Mobile phone Average Billing Per User (ABPU) was $69.65, a decrease of 5.1 per cent, reflecting the “impacts caused by the COVID-19 pandemic.” The earnings said this includes waiving roaming fees because of travel restrictions, the closure of 90 per cent of retail stores, a decrease in chargeable data use because more people were working from home, and waiving late payment charges.
Mobile phone Average Revenue Per User was $56.82 in the quarter, a decrease of 5.8 per cent. The decrease was primarily driven by COVID-19 as well.
The carriers churn rate, or the measure of subscribers who deactivate their services, was 0.80 per cent, compared to the 1.01 per cent that was reported in the same period a year ago.
This reflects “the impacts of reduced switching activity between carriers duke to the COVID-19 pandemic as customers reduced their general shopping habits,” the earnings said.

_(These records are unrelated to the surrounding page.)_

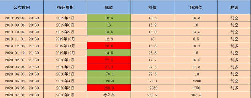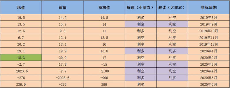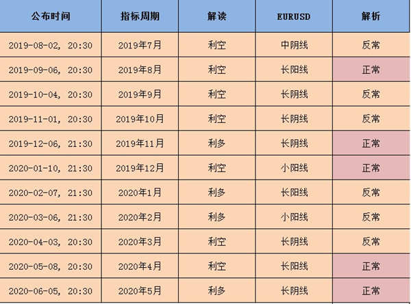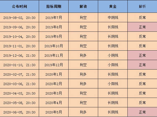图中绿色代表绝对利空美元指数的情况,红色代表绝对利多美元指数的情况。只有2019年11月1日和2020年5月8日出现了介于预期值和前值的现象,需要具体问题具体分析。先来看11月1日,前值增加18万人,预期增加8.5万人,预期与前值相差巨大,代表市场极度看空美国当月劳动力市场状况。然而,最新数据为12.8万,虽然高于预期值的8.5万人,但两者差值仅4.3万人,前值与现值的差距为5.2万人,也就是说,有4.3万人的利多区间,同时有5.2万人的利空区间,综合分析,给出“利空”的结论。再来看5月8日的数据,公布值同样处于前值-70.1万人和预期值-2200万人之间,但由于公布值为-2050万人,距离预期值非常接近,利多区间(150万人)远小于利空区间(1800万人),所以该数据定性为“利空”。只有能够准确判断数据对美元、黄金、非美货币、美股的多空影响,才能够准确把握数据公布后的行情走势方向。
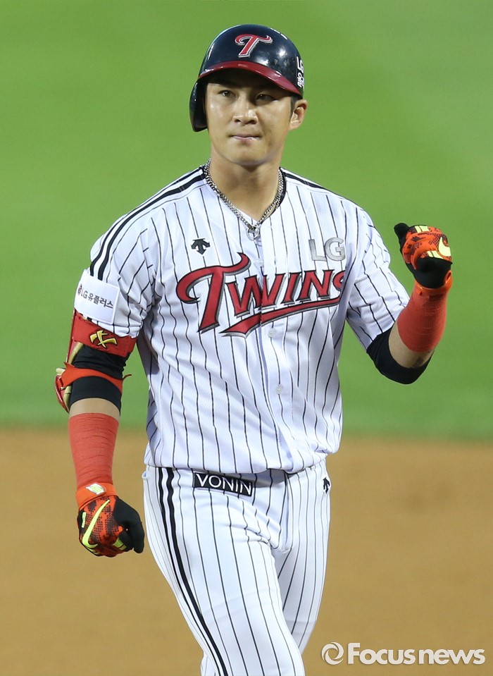 (서울=포커스뉴스) 13일 서울 잠실구장에서 열린 2016 프로야구 한화-LG 경기 4회말 1사 만루에서 LG 오지환이 2타점 우전 안타를 치고 1루에서 주먹을 불끈 쥐며 기뻐하고 있다.
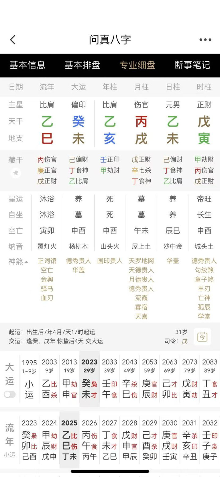 现在走的是癸未大运,此大运未土财星克印,运势走低。之后的壬午大运,地支午火旺了财星,运势一般。辛巳大运,乙辛相冲,巳亥相冲,寅巳相害,用神均有损,比较低谷。
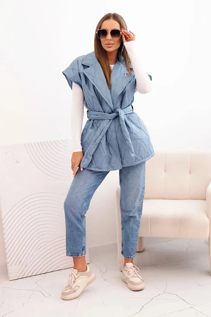 • Dámská prošívaná vesta s páskem a širokým límcem džínová
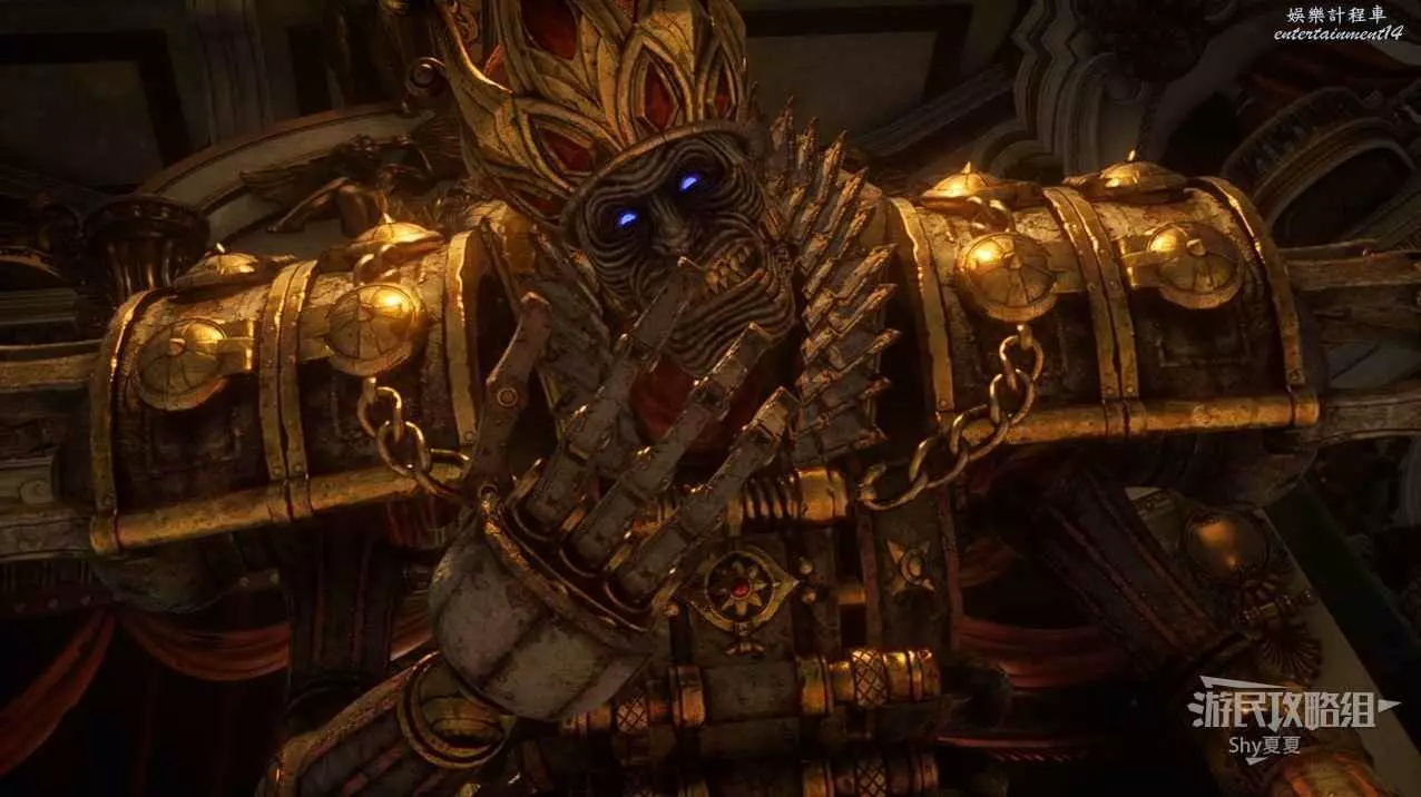 人偶之王是一個巨大的盔甲人偶,有兩個巨大的手臂,分為兩個階段,帶上NPC幽靈一起戰鬥,讓NPC抗傷害。
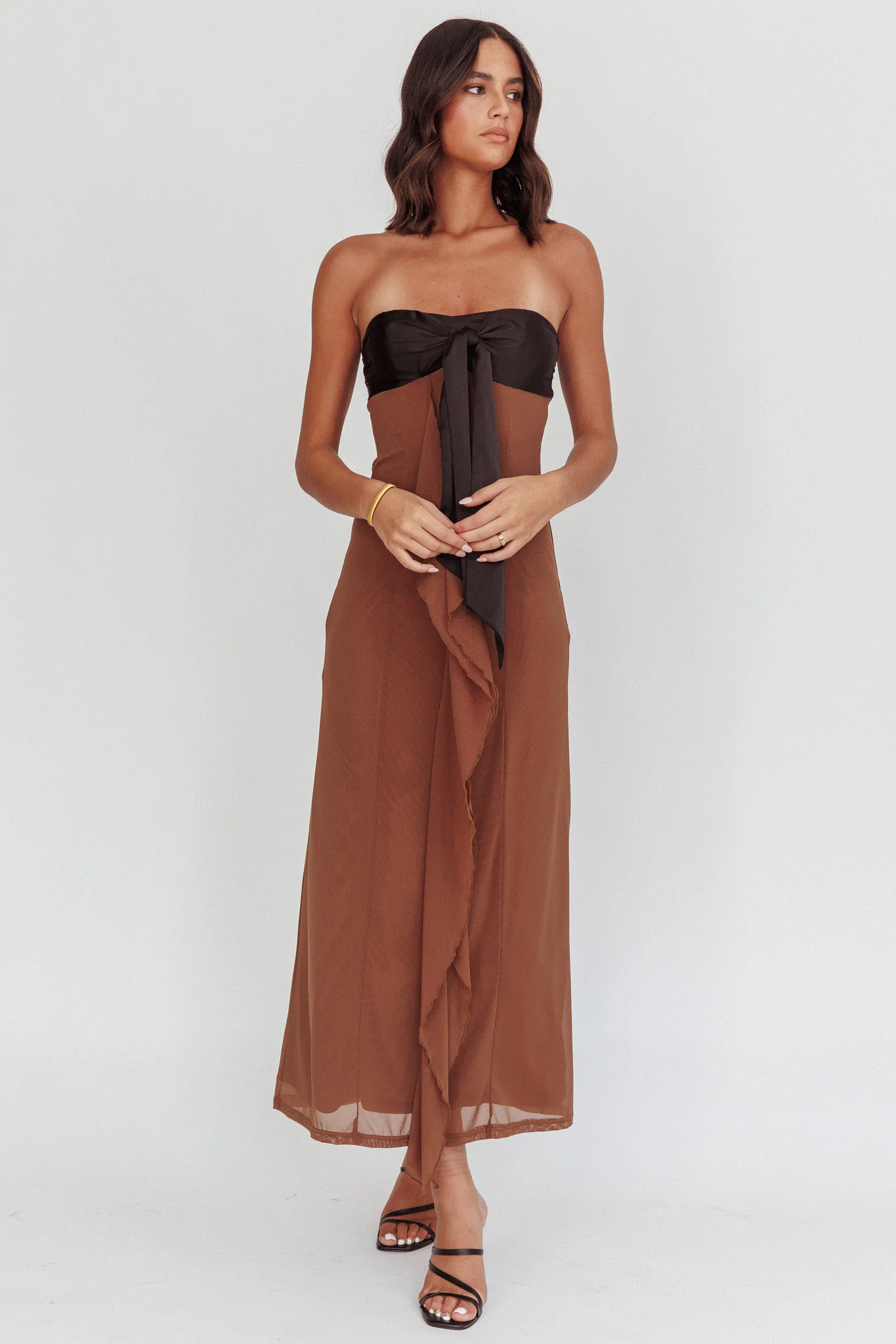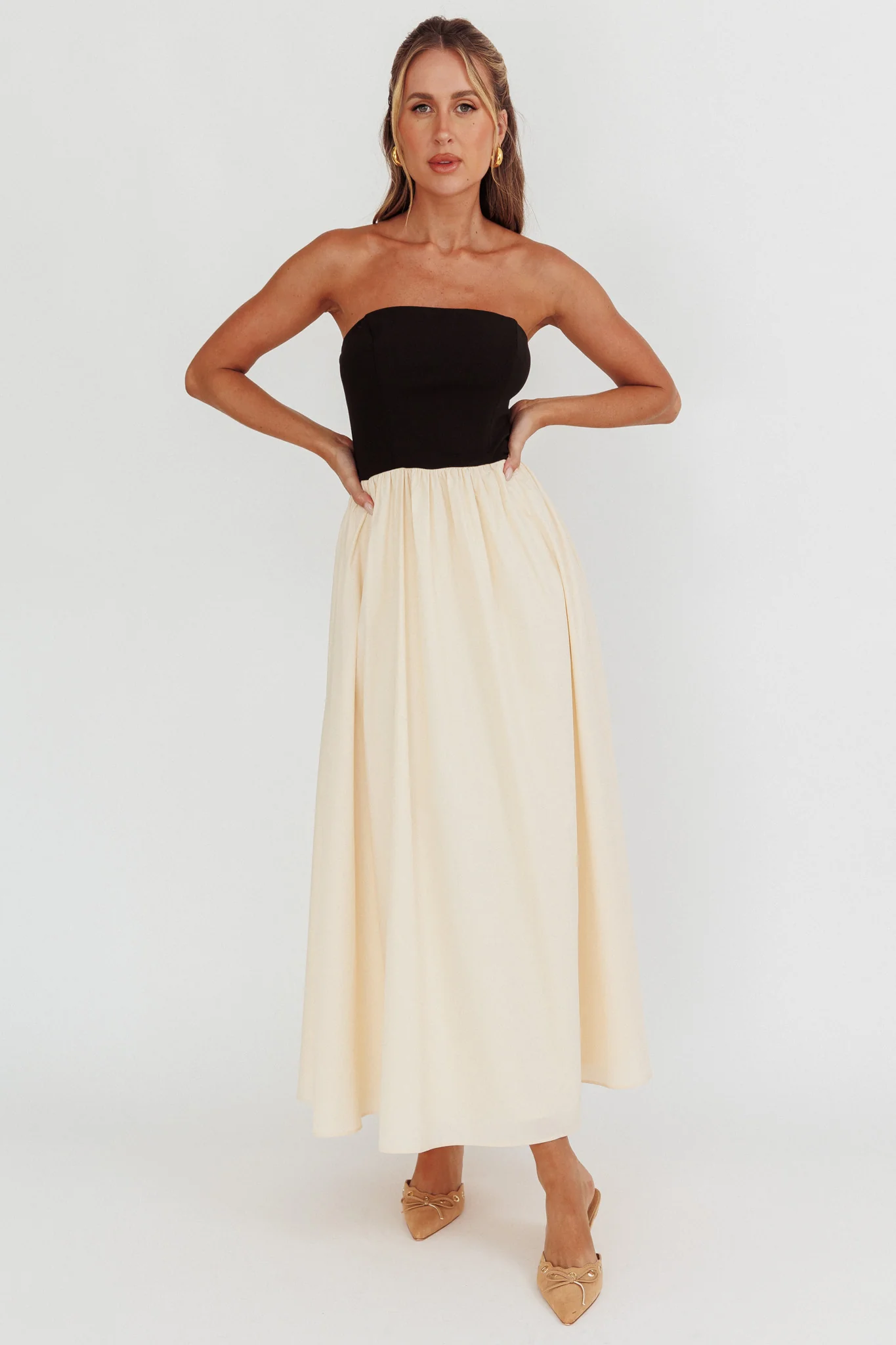 Princess Strapless Contrast Maxi Dress Black/Beige

During the earnings call, Entwistle said the carrier wasn’t worried about Shaw Communication’s recent announcement launching Shaw Mobile, a wireless service for B.C. and Alberta customers who will be able to add up to six mobile lines to their internet service.
“We’re not surprised, we’ve been expecting the Shaw Mobile launch for four years now,” Jim Senko, president of mobility solutions at Telus, said during the call. “We’ve been actively bundling our base. Simplifying our offers and ensuring we are simple and transparent for our customers... Overall Telus has significantly more points of distribution and more effective digital experience.”